Stronger Kickers Changing Game Strategy

John Clayton notes that kickers are increasingly being asked to kick incredibly long field goals.

Rob Bironas’ 60-yard field goal that beat the Colts in Week 13 drove home a remarkable change in strategy thanks to the powerful legs of kickers.

Teams that possess kickers capable of connecting from 60-plus yards just have to cross midfield in the final two minutes to have a chance for a victory. In the past, coaches figured getting to the opponent’s 35 was the make-or-break mark for a field goal. Now the 45-yard line is in play, meaning a team pinned around its 20-yard line with 40 seconds left needs to complete only two passes before calling a timeout and getting a chance to win.

It creates a new era of game management that adds new levels of excitement and paranoia to the final seconds of games.

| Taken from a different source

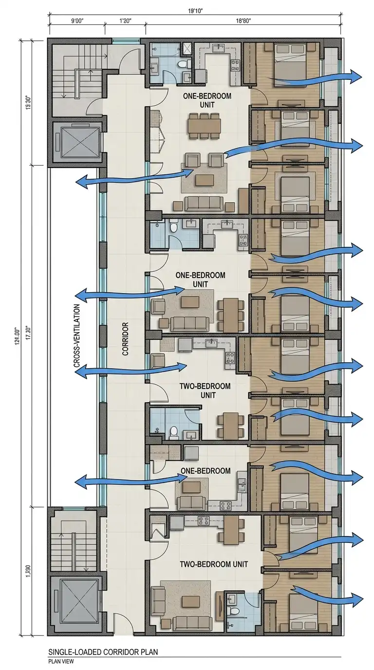 The single-loaded corridor apartment has a corridor on one side of the units, with windows on the opposite exterior wall. Every unit has windows on two sides (exterior and corridor), and the corridor also has windows. Cross-ventilation is possible. This plan is less efficient than double-loaded but provides better light, air, and privacy.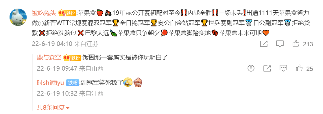 这位名叫“被吃兔头”的网友或许是张本智和、早田希娜的粉丝,不遗余力地夸奖他们二人,也是可以理解的!但问题是,这位名叫“被吃兔头”的网友还整出个“副冠军”,就实在令人难以接受了。查阅资料得知,张本智和/早田希娜曾在2021年世乒赛混双项目中夺得亚军,也就是说,这位网友口中所谓的“副冠军”,其实就是亚军。对此,有不少网友在评论区表达了自己的看法。

It’s the perfect storm of two positive directions in the game. Since 1998, Manning has been perfecting the no-huddle, two-minute-type offense and spreading it over 60 minutes of football. Manning has gotten it down to a science and can move from almost any part of the field into game-winning field goal range with minimal time left on the clock.

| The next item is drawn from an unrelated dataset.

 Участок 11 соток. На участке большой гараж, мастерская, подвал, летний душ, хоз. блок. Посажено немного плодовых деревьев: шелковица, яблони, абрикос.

More and more teams use the no-huddle so they have similar opportunities.

The second part of the perfect storm is the kickers. They survived the K-ball challenge, which made them kick new footballs that weren’t rubbed down or specially prepared. Whether it’s improved weight lifting or better coaching, kickers are becoming more powerful by the year.


Coaches will also have to be more careful in how and when they score in the final minutes of a game. Getting a touchdown with 2:30 left to take a two-point lead could lead to defeat because most good quarterbacks can orchestrate a field goal drive to win.

Of course, kickers are a mysterious lot. You never know when they’re going to shank one well inside their range.